Researchers led by Dr. Elena Vacchi of Lugano, Switzerland report new data on the utility of skin biopsies in the diagnosis of PSP and CBS.  This diagnostic approach is further along for Parkinson’s, where the fibers of alpha-synuclein are not difficult to detect in the tiny nerves in skin. The same technique, but for tau, has not been particularly successful for PSP so far, but these researchers did more sophisticated molecular tests. 

They recruited 11 patients with PSP and 4 with CBS, along with 31 with PD, 14 with MSA and 24 healthy controls.  They obtained two cylindrical plugs of skin 3 mm in diameter from the back of the neck and another two from just above one ankle.  They measured the amount of normal and abnormal tau protein and the forms of RNA encoding the most common abnormal tau forms found in PSP and CBD (the 2N4R isoform). 

Comparing the group with PSP or CBS with the group with PD, there was a 90% sensitivity (i.e., the fraction of the patients with PSP or CBS whose biopsy showed an excess of abnormal tau) but only 69% specificity (the fraction of those without PSP or CBS with a normal result) and 0.812 AUC (see the note below).  For the comparison of PSP/CBS versus MSA, the results were better: 90% sensitivity, 86% specificity and 0.900 AUC.  I assume that that’s because of PD’s known tendency to have a little tau aggregation along with its alpha-synuclein, while that happens little in MSA.  For some reason the comparison of PSP/CBS with healthy controls was only moderate, with an AUC of 0.774.  The neck skin proved more informative than the ankle skin. 

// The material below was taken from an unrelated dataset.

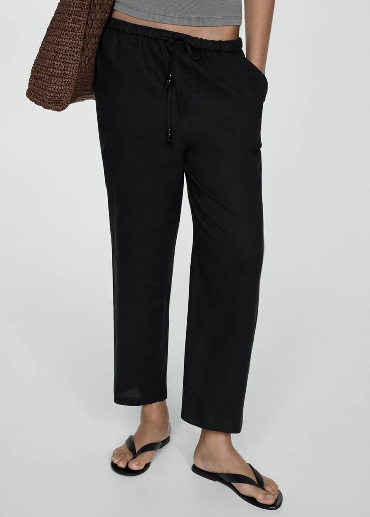 100% linen fabric. Jogger design. Long design. Elastic band. Two side pockets. Elastic waist with tie closure. Two welt pockets at the back. Inner lining. Available Plus. Linen fabric. Fluid fabric. Crop design. Mid-rise
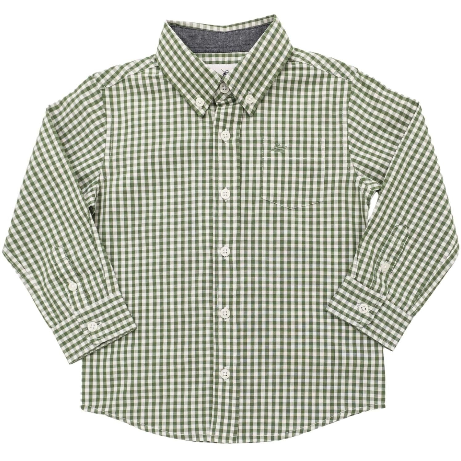 This long sleeve, Dress Shirt- Vineyard Green/White is perfect for your handsome boy! Its a year-round style, and comes in soft, poly/cotton fabric. Boat embroidered on chest pocket. Pairs perfectly with the Pull on Pants!

The authors point out that their patients’ diagnoses were not autopsy-confirmed.  One solution might be to obtain the skin samples from deceased patients undergoing brain autopsy.  They also point out that the pattern of excessive phosphorylation of tau, which is known to be critical to disease causation, was not considered at all in their otherwise-thorough lab procedures.  So that might improve their results.

An interesting upshot is the authors’ observation that in PD and MSA, there was a reduction of nerve fibers in the skin, while this did not occur in PSP/CBS.  Together with evidence from many other sources, this suggests to them that in PD and MSA, the disease starts in the peripheral tissue (i.e., in non-brain organs such as the skin) and spreads to the brain, while in PSP and CBD, the problem starts in the brain and spreads outwards.

Note: Per Wikipedia, “A receiver operating characteristic curve, or ROC curve, is a graphical plot that illustrates the diagnostic ability of a binary classifier system as its discrimination threshold is varied.”  In other words, how well does a simple positive/negative diagnostic test do in distinguishing true positives from true negatives?  This allows you to optimize the definition of “positive” and “negative” test.  The curve’s vertical axis is the sensitivity or the true positive rate (0 to 1.0) and the horizontal axis is 1 minus specificity or the false positive rate.  The area under that curve (AUC) has a theoretical maximum of 1.0.  Excellent diagnostic tests have an AUC of 0.90 or more, and moderate tests, 0.80 to 0.89.  A coin flip’s AUC is 0.50.